👋🏼👋🏼👋🏼 Hi! Long story short: I’m a bestselling novelist who started investigating how to build a life in August 2024, because despite my supposed dream career I wasn’t ~vibing~ in the way I wanted to be. I felt like something was missing? Unpicking what it takes to build a life (like, a good one) led me to taking a job in a high school, just to see. Turns out books light up my brain but pastoral work with teenagers feeds my soul, so now I might be in the middle of a career change. I don’t know. I’m currently studying children and young people’s mental health, whilst also promoting my latest rom-com Love at First Sight. Apparently I contain multitudes. Don’t we all?
I’m proud to say that Grazia magazine once declared that I am a ‘general all-round-speaker of what-is-in-our-heads’, Stylist said my honesty and voice are unique, I was Marie Claire’s #BreakFree from Fear Ambassador many moons ago, and I’m a ‘Happiness Expert’ according to The Independent. I’m almost 40, a solo parent by choice, and I truly believe on going all in on the adventure of your own life. Knowing all this means you’re all caught up. WELCOME!!
So the thing I realised almost instantly when I started working in a high school is that I could never be a teacher. I could never take on the responsibility of getting a kid to take my subject for their exams, and then passing those exams. Seeing a kid through the eyes of just one subject isn’t my bag either - when I was exclusively subbing for an absent English teacher, I was only seeing students through the prism of their ability to write an essay in good handwriting. As we all know, there’s more to kids/students/human beings than that, but in 55 minutes with a curriculum to follow often there’s not time to get into it. I love the pastoral stuff! Helping worries and anxiety and helping them be their best selves!! That’s where I thrive. Being a mum but at school, basically.
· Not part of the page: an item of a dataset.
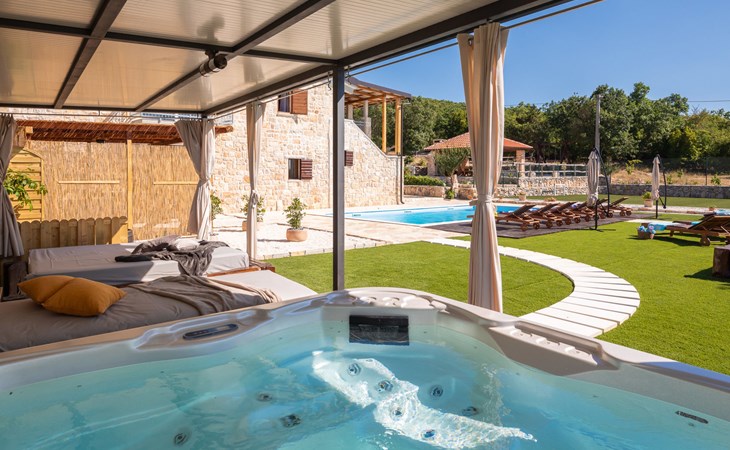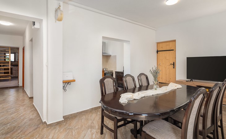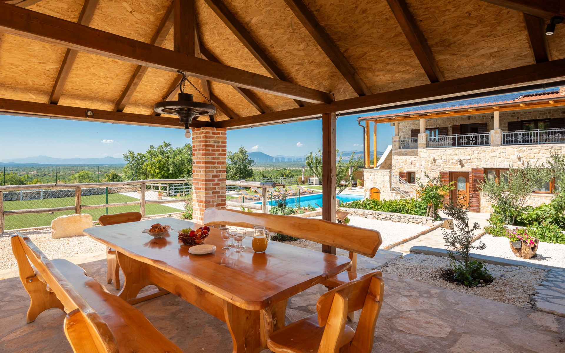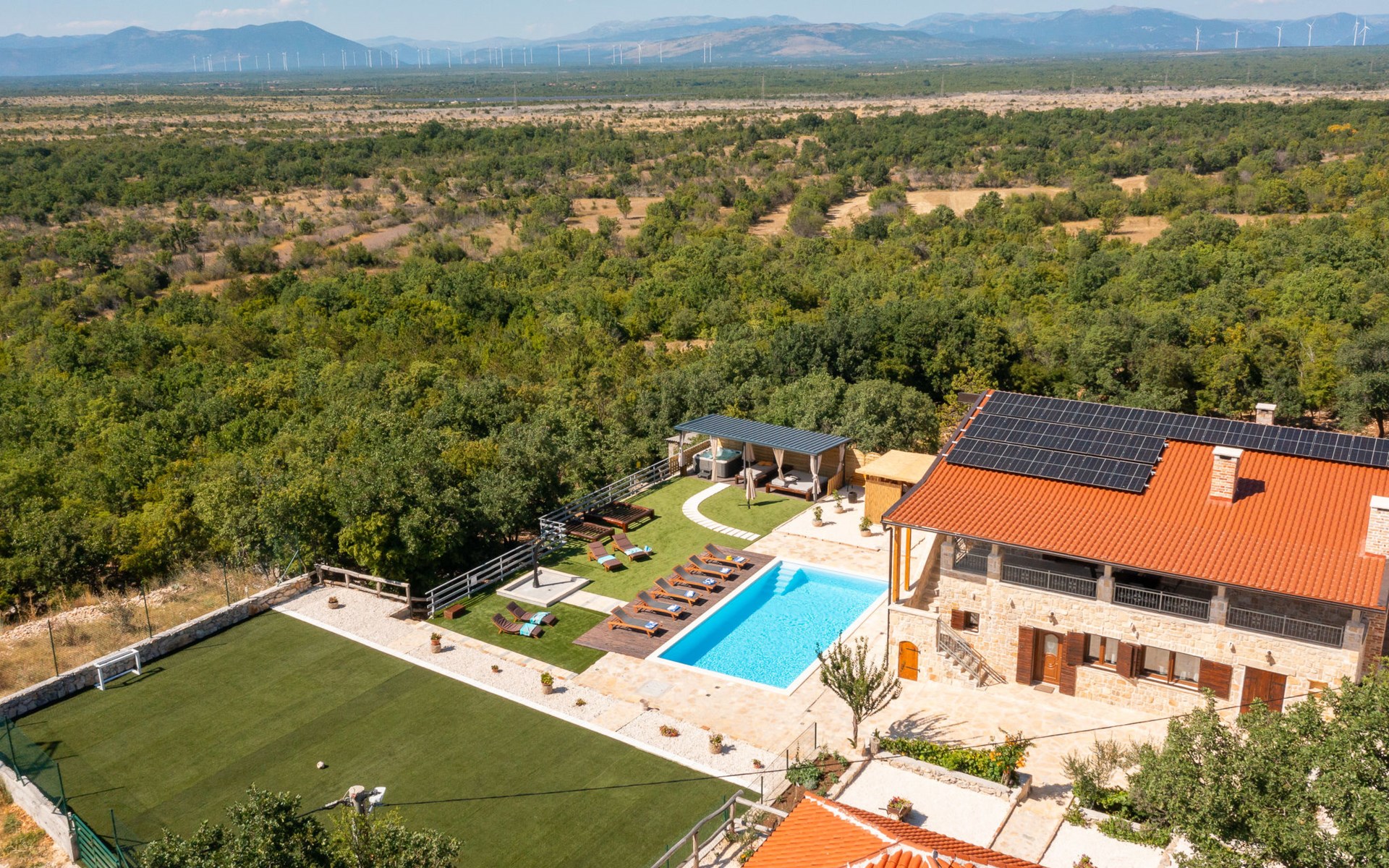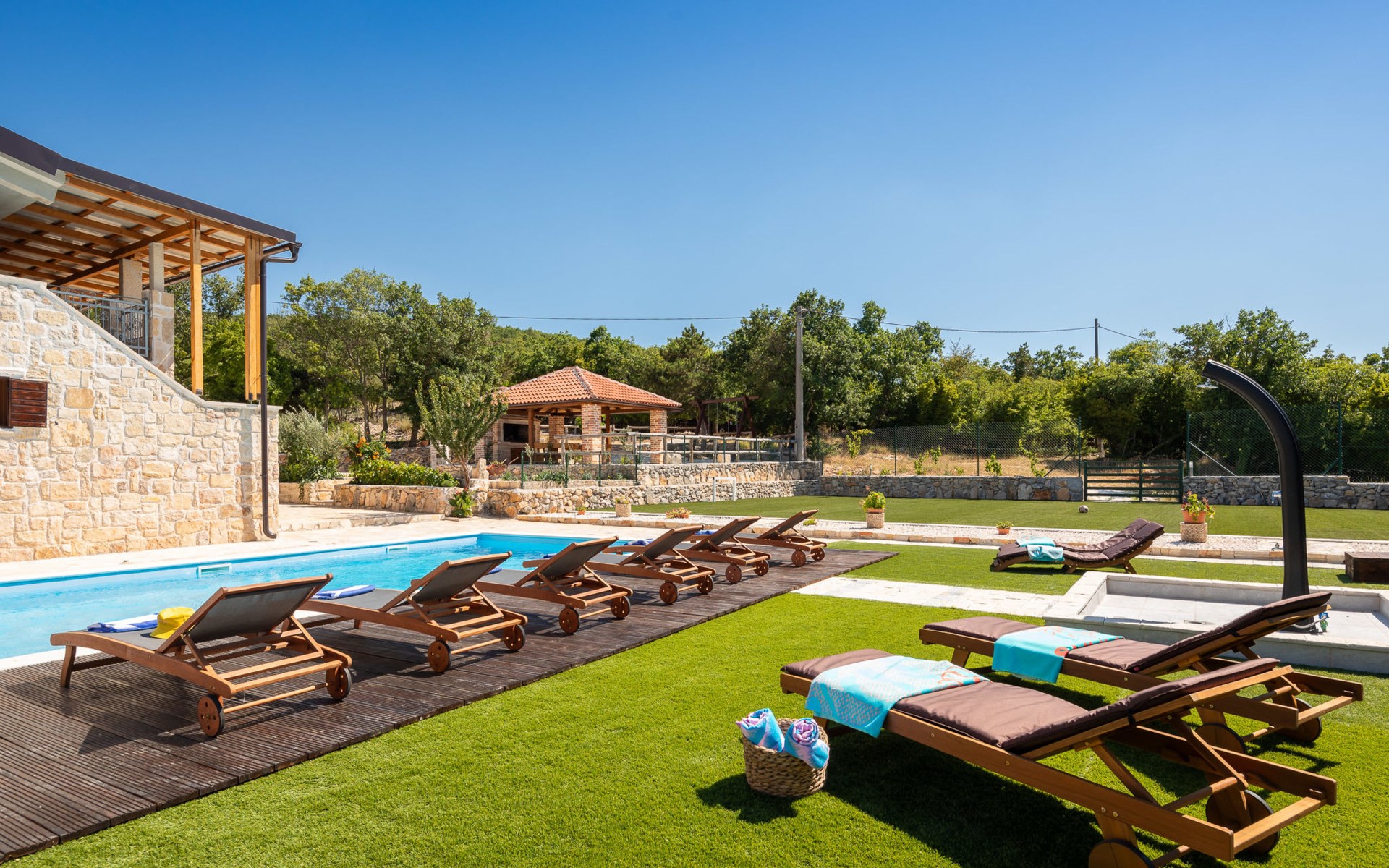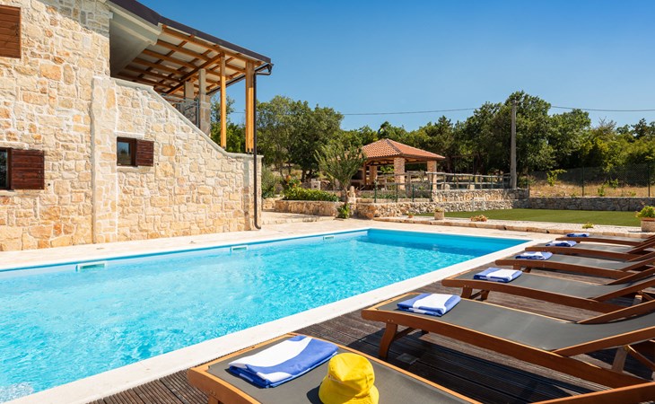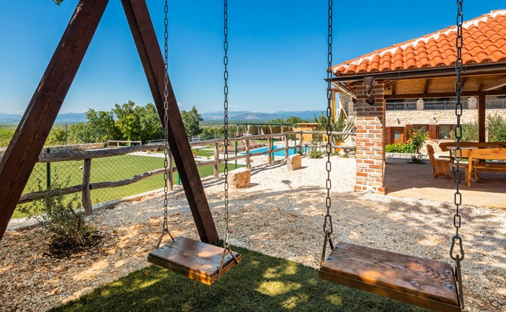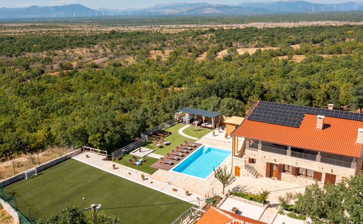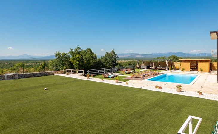 Lukar 3 km from Oklaj: Single-family house "Perva". In a quiet, sunny position, 48 km from the sea, in the countryside. Private: property 3'500 m2 (fenced), swimming pool angular, heated (10 x 5 m, depth 150 cm, seasonal availability: 15.May. - 30.Sep.) with internal staircase. Outdoor shower, hot tub, table tennis, arbour (30 m2), terrace (30 m2), garden furniture, barbecue, children's playground (swing). In the house: internet access, fitness room, trampoline, washing machine, tumble dryer. Parking (for 6 cars) at the house on the premises. Shop 3 km, restaurant 17 km, café 3 km, bus stop 3.5 km, pebble beach 48 km. Cycle lane 2 km. Nearby attractions: NP Krka 28 km.
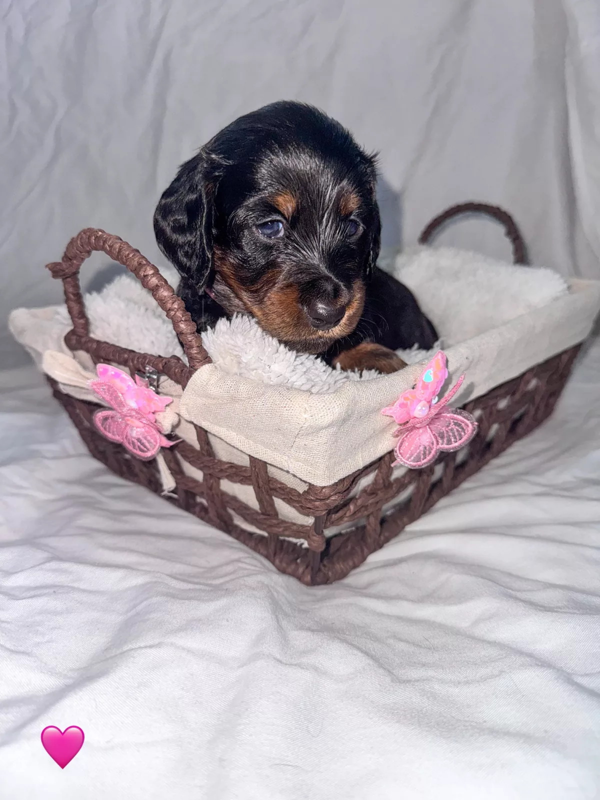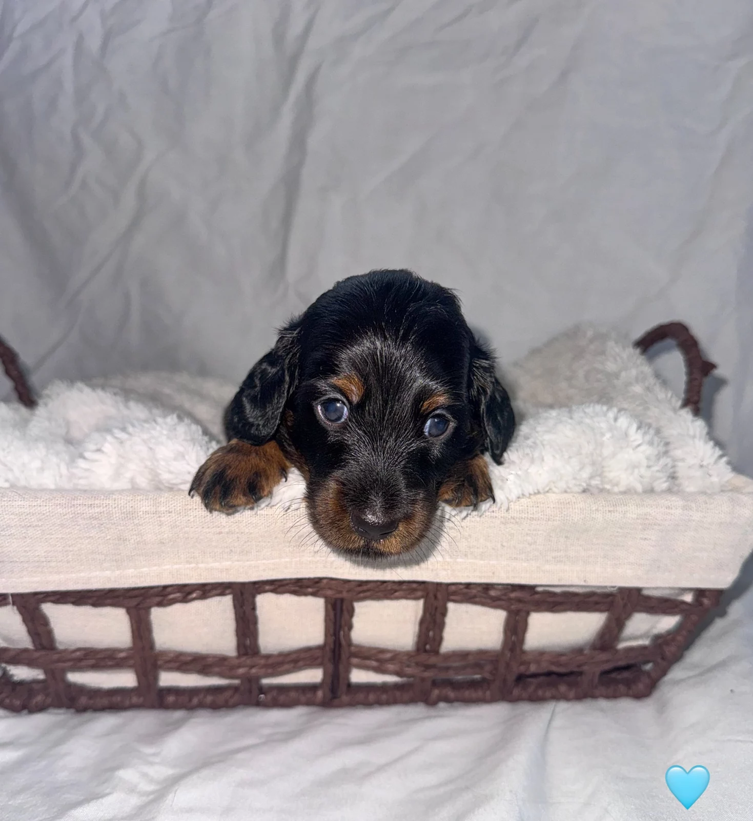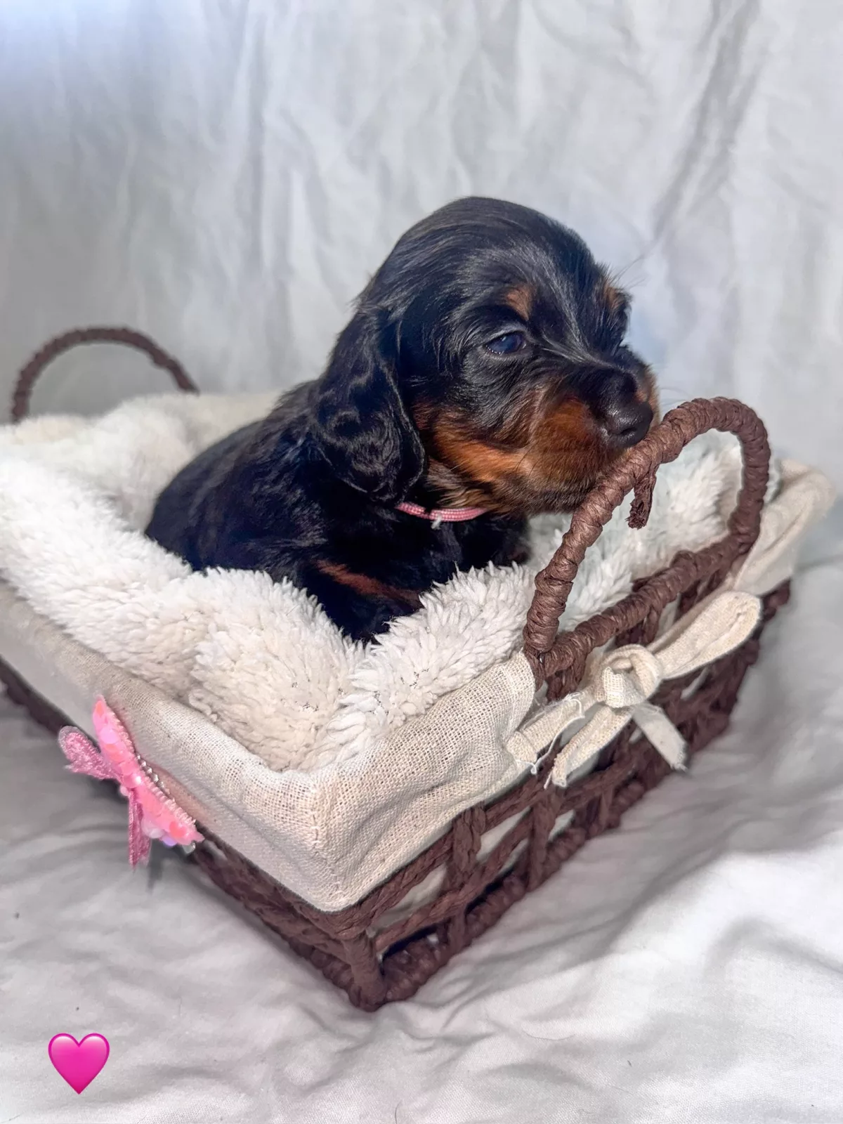 We have two boys & 1 girl available, born on the 27th of February 2025 (will be ready at the end of April/early May for their fur-ever homes). Mum (Honey) is a long haired black & tan miniature & Dad (Cash) is a short haired Black & tan small standard.

I always joke that there’s my job description on paper, and then the job I’ve decided I do. On paper I’m there to cover for absent teachers and make said cover as smooth as possible: a substitute teacher is no reason to lax off. But personally I like to get to know the students, build a relationship, set a good example of somebody comfortable in their skin so that they might be a little more comfortable in their skin too. Case in point: in year nine Geography the other day two boys I know quite well seemed to be laughing at my armpits? My arm fat? Something on my body??? So I stood there and lifted up my arms so everyone could see my armpits and said, ‘Are my armpits really that interesting? What am I missing here?’ and the boys were embarrassed but I was not. My armpits are not embarrassing! I felt good in that moment, good that everyone had seen me get bigger and not smaller in the face of silliness, and the boys took it in good humour too, like yeah miss, sorry, we were being stupid. Yeah lads, you were! Now do your mind map.